Kuryakin shifted silently around to keep the truck between himself and the searchers as they separated. Marshel, Ahmed and Fawzi—whom he recognized as the broken-nosed man they had fought in Casablanca—disappeared through the opening towards the reactor, while three other men went through the door leading to Mazzari’s office and the hydroelectric plant. The agent was just wondering how best to deal with the trio left in his own section when his eye caught a blur of movement on the far side of the cave.

Napoleon Solo was dropping from an opening in the rock onto one of the searchers.

He landed on the man’s shoulders and sent him sprawling, twisting the gun from his grasp as he fell. Before they were up, the other two had spun around, pistols raised. Illya dropped one with the Walther, but the other fired simultaneously with the roar of Solo’s borrowed gun. Both shots found targets: the Thrush gunman slumped to the floor—and the slug meant for Solo slammed into the back of the man he had jumped on, just as he was rising to grapple with the agent.

“Three down and six to go!” Solo yelled. “Nice to see you, Illya! Stay there and cover me while I try and get the guns from the dead ones up in the gallery.”

Footsteps clattered towards them from the other cavern as Solo sprinted for the stairs. The Walther PPK boomed deafeningly as Illya fired in support. Marshel, Ahmed and Fawzi withdrew hurriedly around the corner of the archway.
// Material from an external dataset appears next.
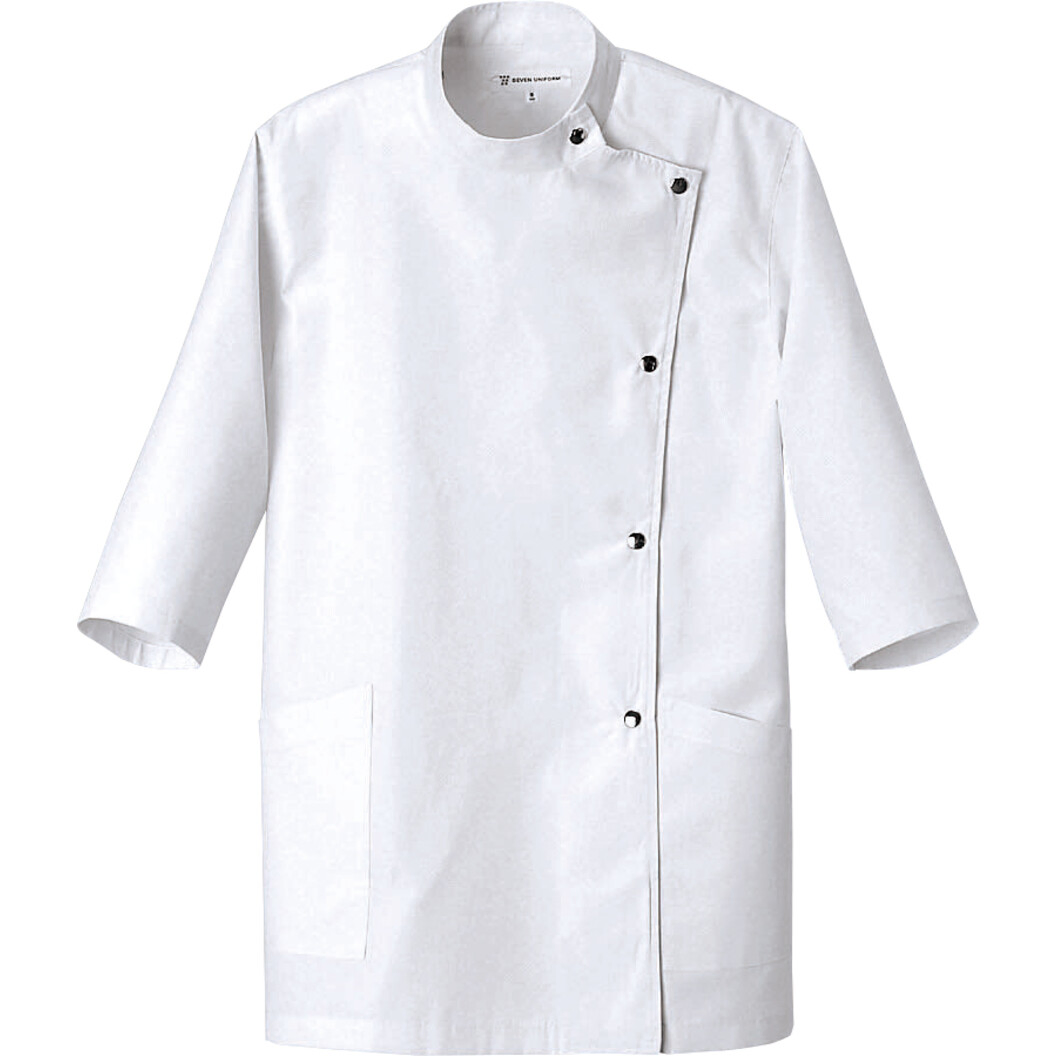 コートとしては薄手ですのでやや軽めの着心地感を得られ、生地のハリコシによりきちんと見えるメディカルタイプです。スタンドカラーと左身頃、共に金属ドットボタンがデザインポイント。メディカルらしさを感じさせます。薬局、美容、中食白衣と幅広く利用されています。抗菌防臭加工あり。7分袖。腰に左右ポケットあり、右のみペン刺し用ポケットあります。女性用。

“Any luck?” the Russian called. Solo’s head appeared over the balcony railing. It shook slowly from side to side. “They’d already thought of it and lifted them,” he said. “Look out! Behind you!”

Kuryakin whirled and flung himself flat behind the fork-lift truck as a fusillade of shots erupted from among the line of parked trucks. The three men returned from the power station.

He emptied the Walther and began firing the camera-gun, although the range was really too great for the tiny weapon. Two of the men were already sprawled on the ground between the heavy wheels, but bullets from the third were striking sparks from the steel frame of the fork-lift uncomfortably close to Illya’s head. He couldn’t see where the man was hidden—and then suddenly a final shot from Solo’s gun, which had been firing sporadically in his support, flushed him out. He careened sideways from the cab of one of the army trucks, scrabbled futilely at the starred windscreen, and plunged to the rock flooring.